Posted by Jani Ollikainen 
Jani Ollikainen
[PHP-DEV] Exposing jsonSerialize's depth
January 11, 2017 09:10AM
Hi,

I've made a pull request where I was asked to start internal discussion about it.. The pull request can be found:
https://github.com/php/php-src/pull/1884
Which relates to request I've also made:
https://bugs.php.net/bug.php?id=72073

For short the thing is:
"We have objects that do dynamic loading and there might be recursions. We could use recursion depth to decide when we want to do dynamic loading and when not.

Now there doesn't seem to be any way to know how deep is the json_encode process going. If we try to use some level in jsonSerialize it just calls one of those, no recursion there.

This could be easily archived by exposing the internal encoder_depth to jsonSerialize."

As I don't know any other way to get the depth info from jsonSerialize, as it isn't called recursively in PHP side, so adding some static class variable and incrementing/decrementing it in jsonSerialize will just not work.
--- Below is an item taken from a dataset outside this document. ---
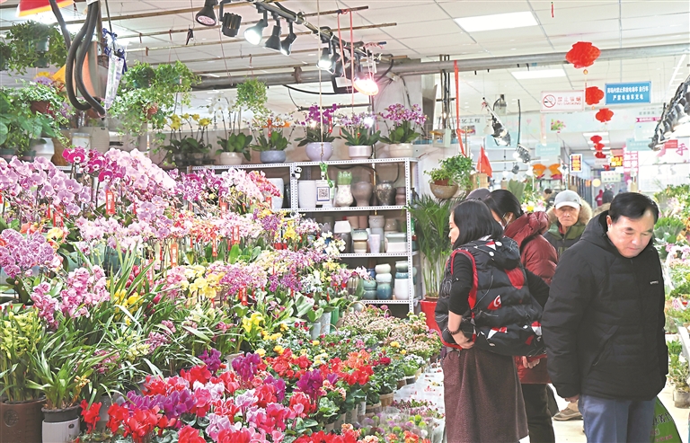 洋洋花卉購(gòu)物中心總經(jīng)理劉明告訴記者,為讓市民一站式購(gòu)齊年貨,今年市場(chǎng)不僅在花卉品類(lèi)上做足儲(chǔ)備,還特意策劃了“年貨大集”。紅彤彤的福字、春聯(lián),喜慶的燈籠,精巧的手工鋁線(xiàn)工藝品、布藝裝飾……各式節(jié)慶商品琳瑯滿(mǎn)目,滿(mǎn)足大家多樣化的采購(gòu)需求?!盁o(wú)論是平時(shí)還是周末,鮮花、綠植、寵物用品和觀(guān)賞魚(yú)區(qū)域的客流量都在穩(wěn)步上升?!?/p>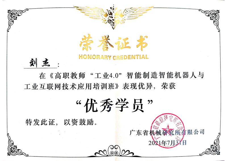 通過此次培訓(xùn),兩位教師對智能制造智能機(jī)器人和工業(yè)互聯(lián)網(wǎng)技術(shù)技能提升、把握職業(yè)教育方向,促進(jìn)專業(yè)升級、課程開發(fā)、1+X證書等方面都有了一定的收獲,其中劉杰老師獲得“優(yōu)秀學(xué)員”,林祥智老師獲得“學(xué)習(xí)之星”。

Then to why would someone really need that? Well, we have models that uses MongoDB as a database (created from MongoDB objects) and the models can have references to other models (coming from MongoDB objects). That loading will happen dynamically and there might be recursions, but we want
still to serialize them as we really don't need to go that deep even if there is a recursion. This way we can control the depth we are loading new objects and
can avoid recursion happening in jsonSerialize and can get the data we need serialized.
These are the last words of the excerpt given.